Assume we have a positive (so that we can take the square-root by functional calculus) self-adjoint operator $H: D(H) \subset \mathcal{H} \rightarrow \mathcal{H},$ then we can define $V:=D(H^{\frac{1}{2}})$ and denote by $V^*$ the dual to $V$ w.r.t. to the $\mathcal{H}-$ inner-product, i.e. $V \subset \mathcal{H} \subset V^*.$ Now, I read that one can show that $H$ extends to a continuous operator $L(V,V^*).$
But I don't fully see how this construction works, can anybody give me a view details on this?
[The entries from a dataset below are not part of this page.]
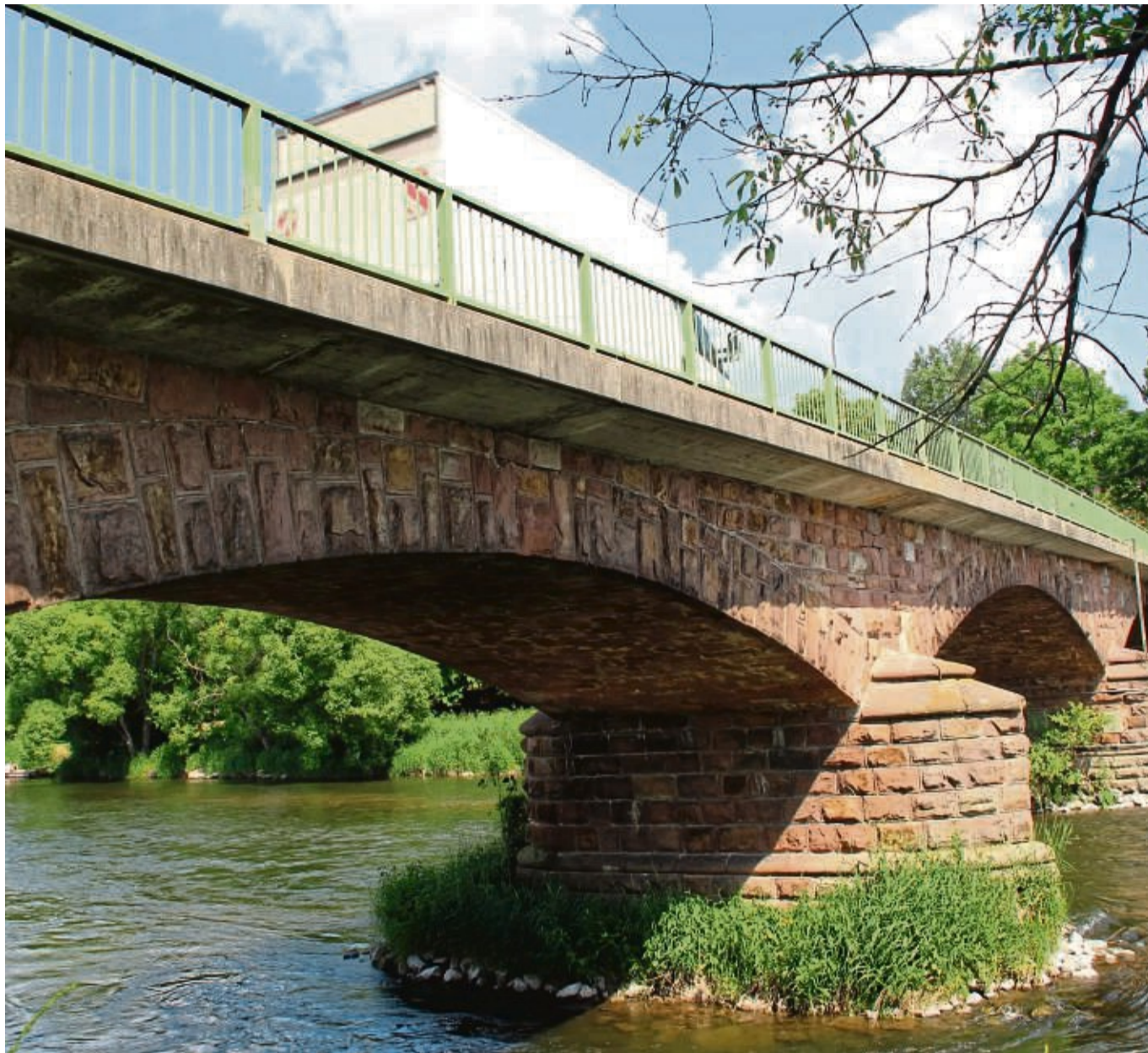
Historisches Bauwerk: In drei Bögen überspannt die Sandsteinbrücke in Brunslar die Eder. Das Bauwerk stammt aus dem Jahr 1890. Hessen Mobil hatte im April Probebohrungen vorgenommen. Die sogenannten Erkundungsbohrungen dienen, wie es offiziell hieß, „der Feststellung der Materialeigenschaften der Natursteingewölbebrücken“.

Dazu gibt es auf Anfrage keine offizielle Äußerung von Hessen Mobil. Hingewiesen wird lediglich auf die Neuberechnung. Lingemann: „Wenn wir genau wissen,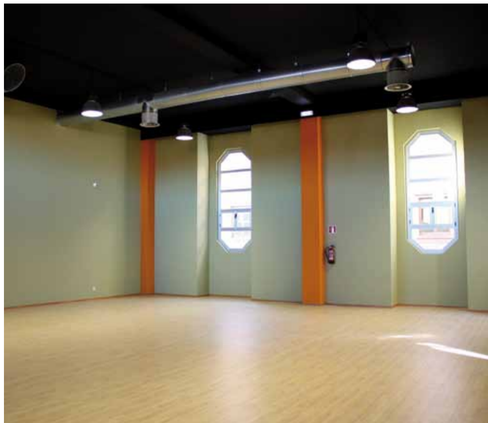
Imagen del espacio habilitado como polideportivo.

Entre el equipamiento de las nuevas salas se incluye material de psicoestimulación, material audiovisual, informático, deportivo, escenográfico, mobiliario (mesas, sillas, estanterías, armarios) y ayudas técnicas como asideros y pasamanos. Una de las salas estará principalmente dedicada para actividades de psicomotricidad y deportivas, contando igualmente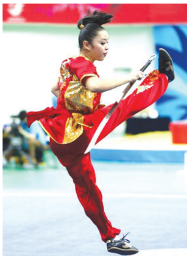
2014年亚运会的金牌得主 莱薇塔·妮莎

$V^{*}=$ completion of $D\left(H\right)$ w.r.t. \begin{eqnarray*} \left\Vert x\right\Vert _{V^{*}} & := & \left\Vert H^{-1/2}x\right\Vert ,\;x\in D\left(H\right). \end{eqnarray*} For $x\in D\left(H\right)$, \begin{eqnarray*} \left\Vert x\right\Vert _{V} & = & \left\Vert H^{1/2}x\right\Vert \\ \left\Vert Hx\right\Vert _{V^{*}} & = & \left\Vert H^{-1/2}Hx\right\Vert =\left\Vert H^{1/2}x\right\Vert , \end{eqnarray*} i.e., isometric; and $D\left(H\right)$ is dense in $V$ and $V^{*}$. So $H$ extends to $L\left(V,V^{*}\right)$.